Fear Itself, which is a great title, somewhat overstates the impact of this novel, whose strongest point is that it manages to capture much of the feeling of the pulp heroes of the late Thirties. Jimmy Nessheim, a German-American FBI agent, former college football star, and all-around good guy is very much in the tradition of Operator No.5 or Secret Agent X, a man of strong build, good looks, and not a whole lot of characterisation. He relies, like any good pulp hero, on his 'inner steeliness', and has a family right out of a Norman Rockwell painting. So when he finds himself engaged in infiltrating the Bund, and lands himself, inadvertently, in the middle of a political intrigue between J. Edgar Hoover and the head of his counter-intelligence, he acts more as a reflector than a protagonist himself.

This would be fine if we got more of the most interesting characters, who are the real ones: Hoover, his right-hand man Clyde Tolson, and William Stephenson, the Canadian chief of British intelligence in Washington, who is, as one might expect in a British novel, the true hero behind the story. There is even a chilling scene in which Heydrich frightens the life out of the German intelligence officer behind the book's secret plot, which turns out to be the assassination of FDR. Rosenheim has obviously done his research, and he has a firm touch when it comes to the pecadillos, both personal and political, of the FBI boss—it's a little bit of pre-war history that needs more telling.
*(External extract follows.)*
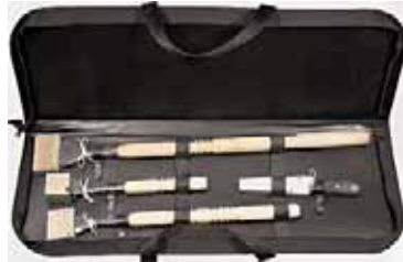
Set 4 pezzi scalpelli ghiaccio Four pieces ice chisel set Eismeissel set 4 stück 4 pcs set ciseau à glace Cinseles para hielo, 4 piezas

The most interesting of the fictional characters, Harry Guttman, the counter-intelligence boss at odds with Hoover, is a Jewish outcast within the Bureau who's given a crippled wife as well as a thankless job, but who turns out to be just as two-fisted as our hero. The hidden plot, and the identity of the assassin, are not hidden particularly well, partly because the red herrings are built up too deliberately and too fully, and when Nessheim finally finds a true love, it's hard to believe he could be wrong. It might have been nice as well to get FDR slightly more on stage; he's an appealing character, and his contrast with Hoover might have been interesting. There's a prequel killing which is fairly clunky in plot terms, needing to be explained, but not very convincingly, a couple of hundred pages later, and there's the odd Anglicism, parenthetical aside, or unnecessary description (like Chicago's 'famous Loop') that pulp writers used to like because they were being paid by the word, but which slow things down. And one thing Operator No.5 could have told you, is that in a story like this, action is everything. Fear Itself is an interesting historical thriller, but not quite a compelling one.